═════ Recorded information ═════

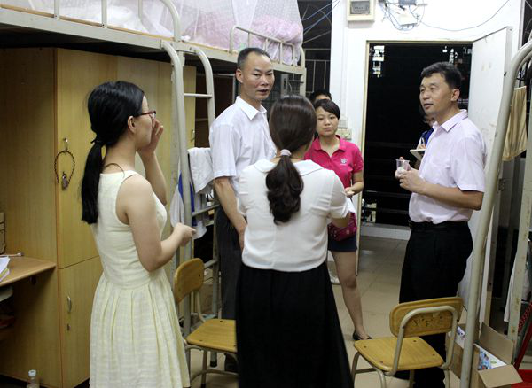 尽管天气炎热,领导、老师仍坚持走访毕业生宿舍,每到一间宿舍,毕业生都热情迎接。同学们如实反应毕业前的有关情况,感谢学院对他们的尊重与真挚的关怀,感谢学院四年来对他们的栽培。
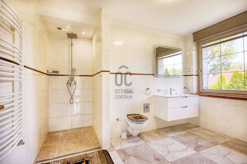 Főbb jellemzők:- 4 tágas szoba, - 1 gardrób szoba- 3 fürdőszoba,- konyha, speiz, - Fedett terasz az udvar felé, erkély kertre nyílóan- Központi, gázcirkós fűtés, minden helyiségben padlófűtés- Törölközőszárítós radiátorok a fürdőszobákban- Klímaberendezés modern, energiatakarékos hűtéshez- Riasztórendszer kiépítve- Körbejárható ház, tágas udvar, automata öntözőrendszerrel nagy kert- 3 autós, tágas garázs - Nyitott terasz & medenceA ház műszakilag és építészetileg is jó állapotú, minimális átalakítással akár két önálló lakásként is használható.Gyors időpont-egyeztetés lehetséges személyes megtekintéshez, főként napközben, világos órákban ajánlott.További információért kérem, vegye fel velem a kapcsolatot üzenetben vagy telefonon!
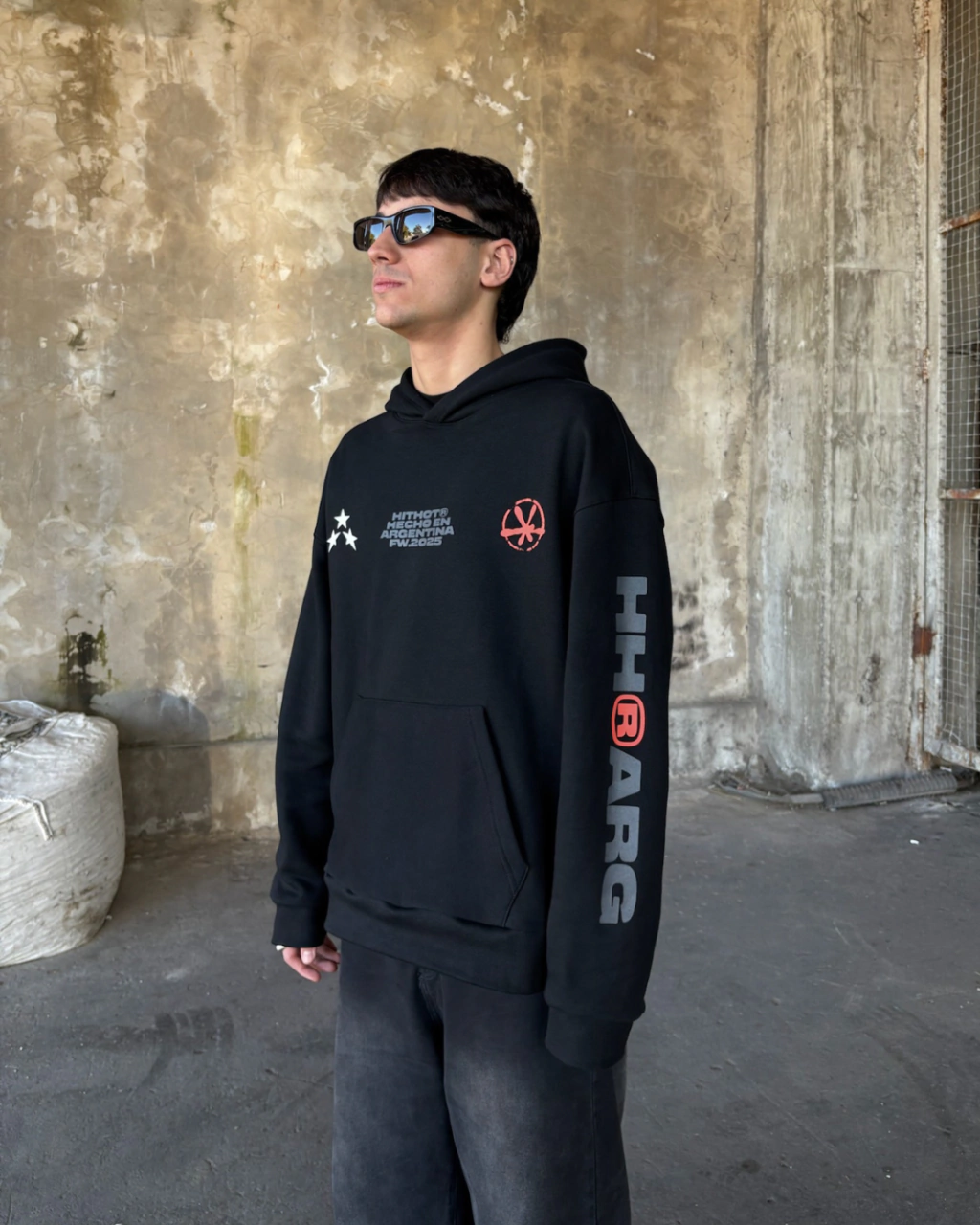 Buzo negro con estampa delantera, trasera y en mangas hecha en serigrafía. La capucha contiene una etiqueta de marca bordada en alta definición.

═════

* Your task *
The output is to be the material in full and unaltered, with pictures omitted.

* Written solution *
 尽管天气炎热,领导、老师仍坚持走访毕业生宿舍,每到一间宿舍,毕业生都热情迎接。同学们如实反应毕业前的有关情况,感谢学院对他们的尊重与真挚的关怀,感谢学院四年来对他们的栽培。
 Főbb jellemzők:- 4 tágas szoba, - 1 gardrób szoba- 3 fürdőszoba,- konyha, speiz, - Fedett terasz az udvar felé, erkély kertre nyílóan- Központi, gázcirkós fűtés, minden helyiségben padlófűtés- Törölközőszárítós radiátorok a fürdőszobákban- Klímaberendezés modern, energiatakarékos hűtéshez- Riasztórendszer kiépítve- Körbejárható ház, tágas udvar, automata öntözőrendszerrel nagy kert- 3 autós, tágas garázs - Nyitott terasz & medenceA ház műszakilag és építészetileg is jó állapotú, minimális átalakítással akár két önálló lakásként is használható.Gyors időpont-egyeztetés lehetséges személyes megtekintéshez, főként napközben, világos órákban ajánlott.További információért kérem, vegye fel velem a kapcsolatot üzenetben vagy telefonon!
 Buzo negro con estampa delantera, trasera y en mangas hecha en serigrafía. La capucha contiene una etiqueta de marca bordada en alta definición.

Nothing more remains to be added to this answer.